Черный дым вырвался из черно-желтых труб, раздались предупредительные свистки и возгласы, трапы были со скрипом убраны, а швартовые, толщиной с руку, сброшены со швартовых тумб. Винты под кормой вспенили воду, и «Крылья вдохновенья» оторвался от пристани.

Моника вовремя зажала дочурке уши — три громких гудка заглушили судовой оркестр. Пассажирки спустились вниз. В коридорах стояли кадки с пальмами, салон сверкал, дамасские диваны соседствовали с «бабушкиными» креслами. В разлитый аромат духов проникал слабый запах просмоленной палубы, краски и машинного масла.

— Это чудо комфортабельности! — восклицала Кэтти Норвуд. — Лифты, телефоны, комнаты для слуг, лазарет и, будто специально для тебя, детская.

Яркий апрельский день слегка затушевывал вид за окном, пароход двигался по Темзе к морю, берега заполонили бесчисленные конторы банков и финансовых предприятий. Но пассажирам не дали скучать. На палубе устроили представление. Моника взяла Валерию на руки и устремилась туда. Вокруг собралась небольшая толпа, но молодую женщину легко пропустили вперед. Клоуны пародировали своих коллег — жонглеров, они бросали друг другу колпаки, ловили их на голову, на руки, ноги. Следом на импровизированной сцене появился силач в полосатом трико. Его черные усы были лихо закручены, а могучие ручищи ловко подбрасывали круглые гири, рвали цепи под восхищенные охи и аплодисменты.

— Железный Жан, великий и непревзойденный, победитель чемпионата мира по французской борьбе! — объявил импресарио, и гигант с поклоном удалился.

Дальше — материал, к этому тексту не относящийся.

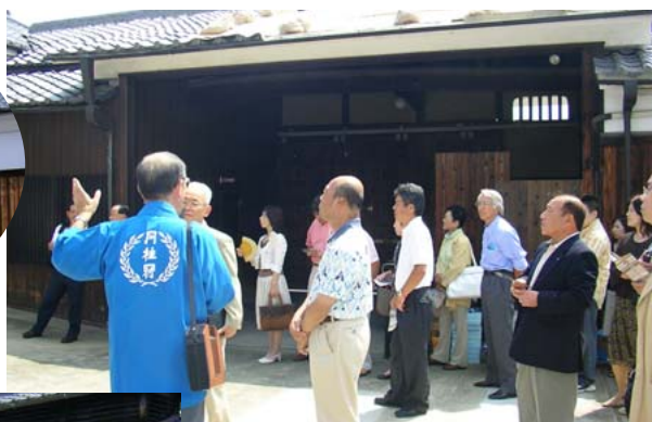
酒蔵の中を丁寧に解説していただきながら見学しました。

На смену ему вышел какой-то бородач в костюме женщины, его оголенные плечи заросли волосами.

— Представляю вашему вниманию госпожу Джейн! Женщина-горилла! Удивительная шутка природы! На зверей, уже настоящих: тигров, львов и прекрасных жеребцов пассажиры океанского лайнера могут полюбоваться, спустившись на вторую палубу, где разместились клетки с животными.

Рядом кто-то шепнул:

— Не пароход, а ковчег какой-то. Каждого зверя по паре.

Сквозь прутья клетки Ромео наблюдал за дикой кошкой, мерящей мягкими шагами узкое пространство.

— После погрузки девочка сама не своя. Ее клетку неудачно опустили, задели замок. Придется заменить, совсем расшатался. Теперь она клетку может лапой открыть. Видишь, на всякий случай перекрутили проволокой.

Ромео вглядывался в смуглое лицо укротителя с тайной завистью. Шрамы, нос с горбинкой, взгляд — смелый, пронзительный. Любимец публики, никогда не прикладывающий особых усилий, чтобы соблазнить хорошенькую женщину. Повелитель кошек, а ведь в женщине есть что-то от кошки.

Взгляд дрессировщика обратился к толпе пассажиров, продвигавшихся к клеткам под предводительством импресарио. Его глаза потемнели.

— Ты с ума сошел! — набросился он на маленького человечка в цилиндре и ярком галстуке-бабочке. — Звери нервничают, отойти не могут после погрузки. Особенно Алиса. Что ты делаешь?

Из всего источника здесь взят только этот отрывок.